(Material for this task begins)

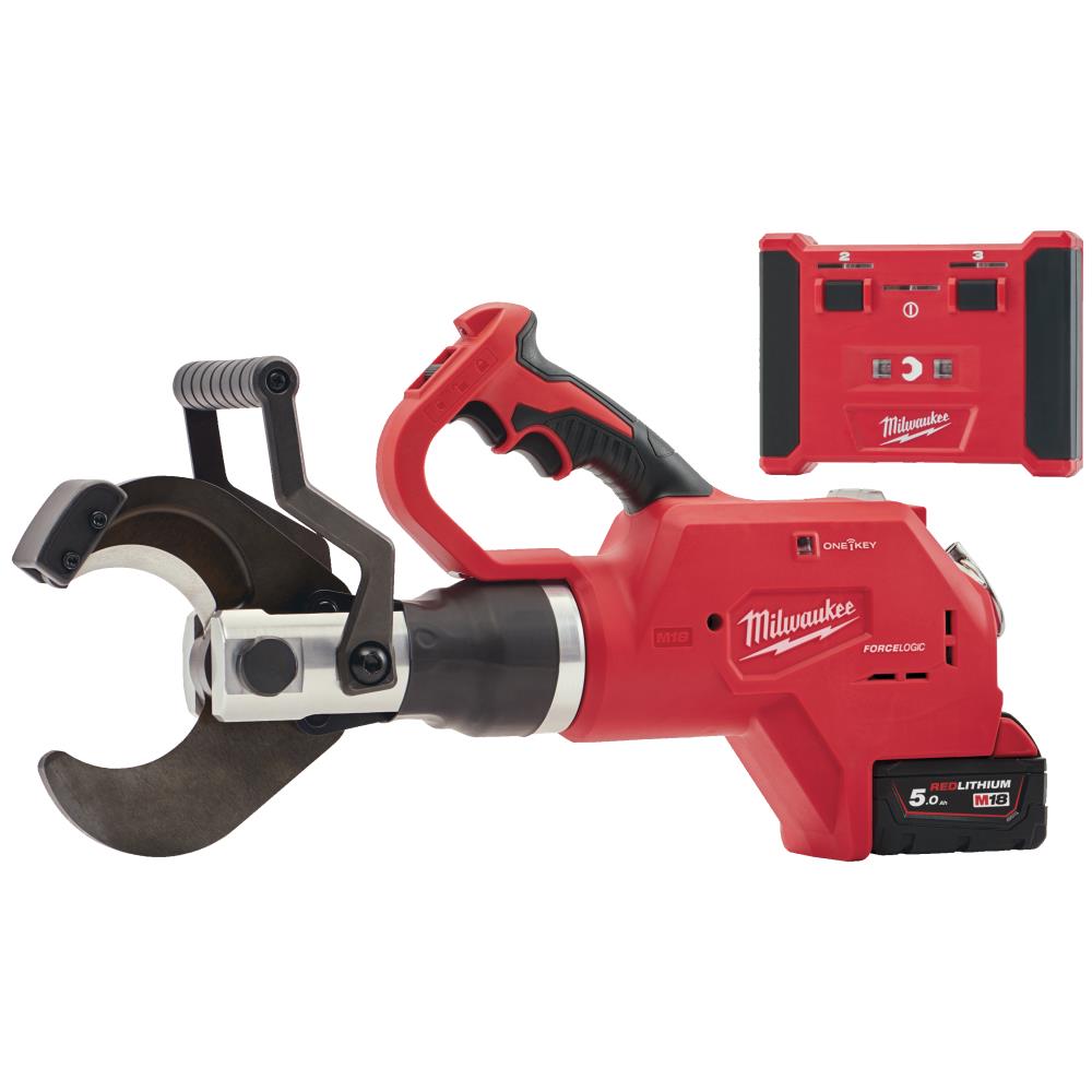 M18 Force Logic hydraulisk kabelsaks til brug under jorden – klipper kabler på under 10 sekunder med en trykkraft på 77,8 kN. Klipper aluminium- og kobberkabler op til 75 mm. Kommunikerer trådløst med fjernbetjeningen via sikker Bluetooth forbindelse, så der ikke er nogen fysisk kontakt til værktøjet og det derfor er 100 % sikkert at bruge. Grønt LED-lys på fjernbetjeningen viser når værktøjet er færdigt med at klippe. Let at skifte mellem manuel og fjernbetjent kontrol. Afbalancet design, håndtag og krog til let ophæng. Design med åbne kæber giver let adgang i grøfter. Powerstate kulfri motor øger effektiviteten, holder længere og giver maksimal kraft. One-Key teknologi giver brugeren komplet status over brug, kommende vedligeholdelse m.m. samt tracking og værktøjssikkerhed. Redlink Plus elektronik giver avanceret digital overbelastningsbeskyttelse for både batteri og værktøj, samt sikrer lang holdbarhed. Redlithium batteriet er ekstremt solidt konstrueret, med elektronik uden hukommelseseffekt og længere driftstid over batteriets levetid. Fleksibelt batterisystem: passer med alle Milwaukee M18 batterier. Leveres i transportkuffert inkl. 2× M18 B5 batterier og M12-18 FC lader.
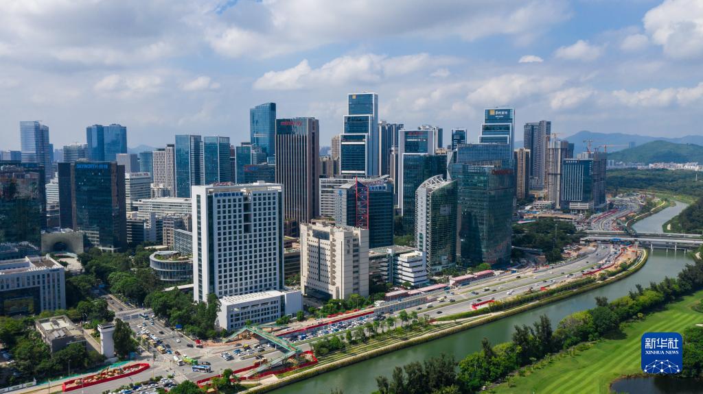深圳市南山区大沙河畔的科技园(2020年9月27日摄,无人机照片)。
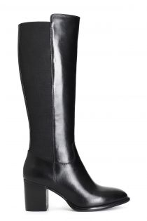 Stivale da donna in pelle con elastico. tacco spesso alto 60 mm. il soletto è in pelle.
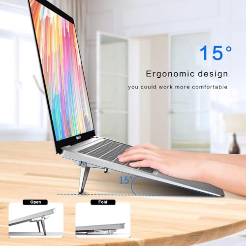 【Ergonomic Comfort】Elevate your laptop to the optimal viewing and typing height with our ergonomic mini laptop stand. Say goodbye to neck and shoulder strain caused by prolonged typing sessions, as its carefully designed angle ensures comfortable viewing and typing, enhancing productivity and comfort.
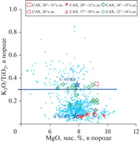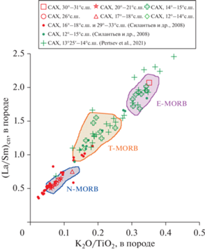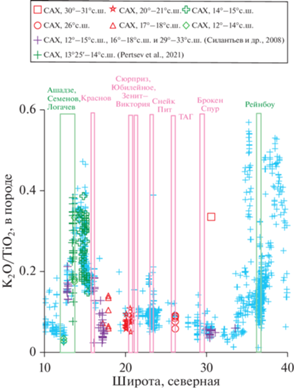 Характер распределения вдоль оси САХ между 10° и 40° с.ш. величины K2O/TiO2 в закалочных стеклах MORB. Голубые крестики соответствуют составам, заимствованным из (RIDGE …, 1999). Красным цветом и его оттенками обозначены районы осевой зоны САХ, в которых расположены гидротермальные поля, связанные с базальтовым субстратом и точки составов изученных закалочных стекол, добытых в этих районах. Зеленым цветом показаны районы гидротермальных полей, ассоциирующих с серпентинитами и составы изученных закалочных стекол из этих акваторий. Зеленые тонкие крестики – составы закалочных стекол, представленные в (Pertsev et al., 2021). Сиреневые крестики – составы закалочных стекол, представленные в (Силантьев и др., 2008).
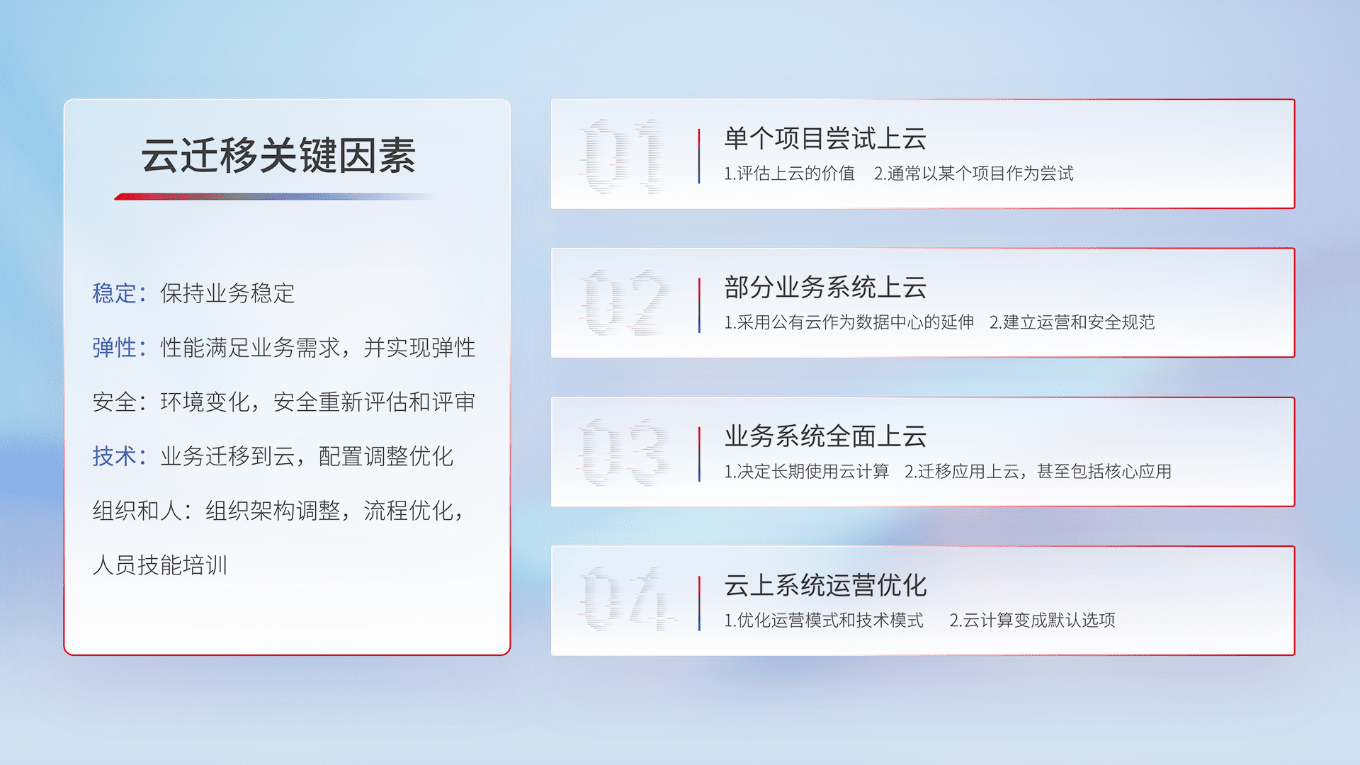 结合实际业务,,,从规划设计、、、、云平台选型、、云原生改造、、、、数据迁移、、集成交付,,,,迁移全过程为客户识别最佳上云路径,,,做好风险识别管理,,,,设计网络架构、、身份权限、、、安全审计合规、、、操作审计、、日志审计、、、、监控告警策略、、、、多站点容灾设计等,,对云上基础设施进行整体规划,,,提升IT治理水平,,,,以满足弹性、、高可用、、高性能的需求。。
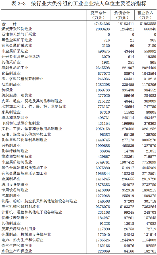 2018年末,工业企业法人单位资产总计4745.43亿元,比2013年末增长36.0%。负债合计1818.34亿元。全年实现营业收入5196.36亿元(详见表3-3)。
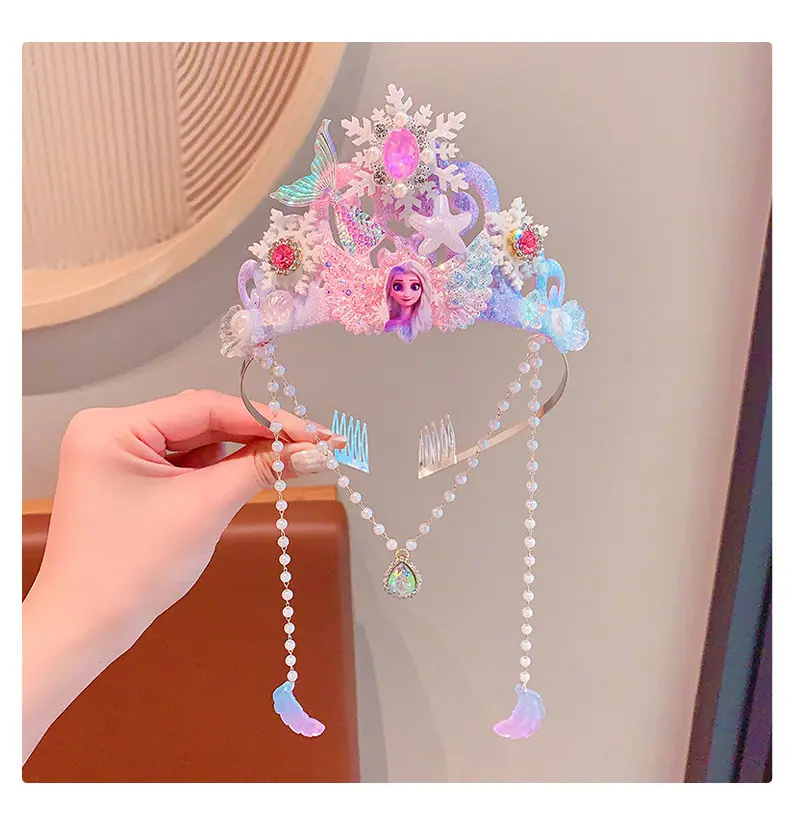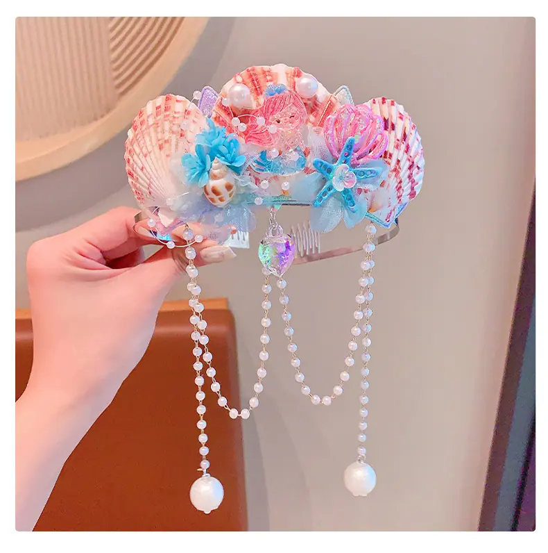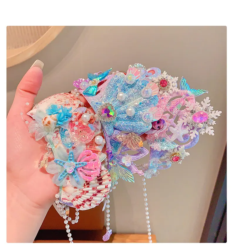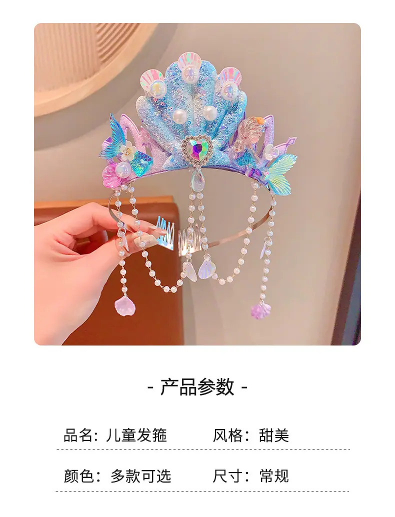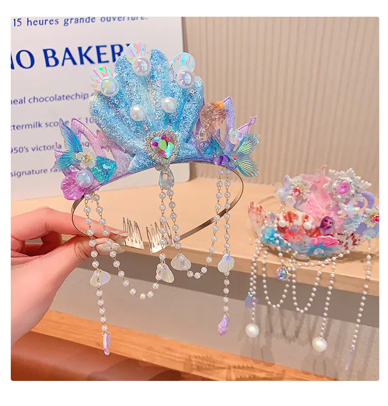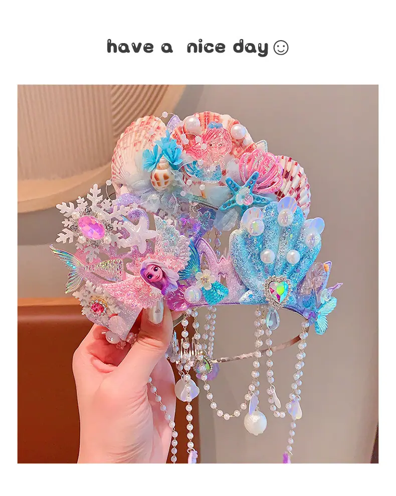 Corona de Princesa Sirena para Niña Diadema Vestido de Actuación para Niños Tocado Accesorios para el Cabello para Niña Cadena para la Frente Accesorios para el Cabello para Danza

(Material for this task ends)

▶ **The task**
Please output every entry exactly as written, apart from the pictures.

▶ **Solution for this problem**
 M18 Force Logic hydraulisk kabelsaks til brug under jorden – klipper kabler på under 10 sekunder med en trykkraft på 77,8 kN. Klipper aluminium- og kobberkabler op til 75 mm. Kommunikerer trådløst med fjernbetjeningen via sikker Bluetooth forbindelse, så der ikke er nogen fysisk kontakt til værktøjet og det derfor er 100 % sikkert at bruge. Grønt LED-lys på fjernbetjeningen viser når værktøjet er færdigt med at klippe. Let at skifte mellem manuel og fjernbetjent kontrol. Afbalancet design, håndtag og krog til let ophæng. Design med åbne kæber giver let adgang i grøfter. Powerstate kulfri motor øger effektiviteten, holder længere og giver maksimal kraft. One-Key teknologi giver brugeren komplet status over brug, kommende vedligeholdelse m.m. samt tracking og værktøjssikkerhed. Redlink Plus elektronik giver avanceret digital overbelastningsbeskyttelse for både batteri og værktøj, samt sikrer lang holdbarhed. Redlithium batteriet er ekstremt solidt konstrueret, med elektronik uden hukommelseseffekt og længere driftstid over batteriets levetid. Fleksibelt batterisystem: passer med alle Milwaukee M18 batterier. Leveres i transportkuffert inkl. 2× M18 B5 batterier og M12-18 FC lader.
深圳市南山区大沙河畔的科技园(2020年9月27日摄,无人机照片)。
 Stivale da donna in pelle con elastico. tacco spesso alto 60 mm. il soletto è in pelle.
 【Ergonomic Comfort】Elevate your laptop to the optimal viewing and typing height with our ergonomic mini laptop stand. Say goodbye to neck and shoulder strain caused by prolonged typing sessions, as its carefully designed angle ensures comfortable viewing and typing, enhancing productivity and comfort.
 Характер распределения вдоль оси САХ между 10° и 40° с.ш. величины K2O/TiO2 в закалочных стеклах MORB. Голубые крестики соответствуют составам, заимствованным из (RIDGE …, 1999). Красным цветом и его оттенками обозначены районы осевой зоны САХ, в которых расположены гидротермальные поля, связанные с базальтовым субстратом и точки составов изученных закалочных стекол, добытых в этих районах. Зеленым цветом показаны районы гидротермальных полей, ассоциирующих с серпентинитами и составы изученных закалочных стекол из этих акваторий. Зеленые тонкие крестики – составы закалочных стекол, представленные в (Pertsev et al., 2021). Сиреневые крестики – составы закалочных стекол, представленные в (Силантьев и др., 2008).
 结合实际业务,,,从规划设计、、、、云平台选型、、云原生改造、、、、数据迁移、、集成交付,,,,迁移全过程为客户识别最佳上云路径,,,做好风险识别管理,,,,设计网络架构、、身份权限、、、安全审计合规、、、操作审计、、日志审计、、、、监控告警策略、、、、多站点容灾设计等,,对云上基础设施进行整体规划,,,提升IT治理水平,,,,以满足弹性、、高可用、、高性能的需求。。
 2018年末,工业企业法人单位资产总计4745.43亿元,比2013年末增长36.0%。负债合计1818.34亿元。全年实现营业收入5196.36亿元(详见表3-3)。
 Corona de Princesa Sirena para Niña Diadema Vestido de Actuación para Niños Tocado Accesorios para el Cabello para Niña Cadena para la Frente Accesorios para el Cabello para Danza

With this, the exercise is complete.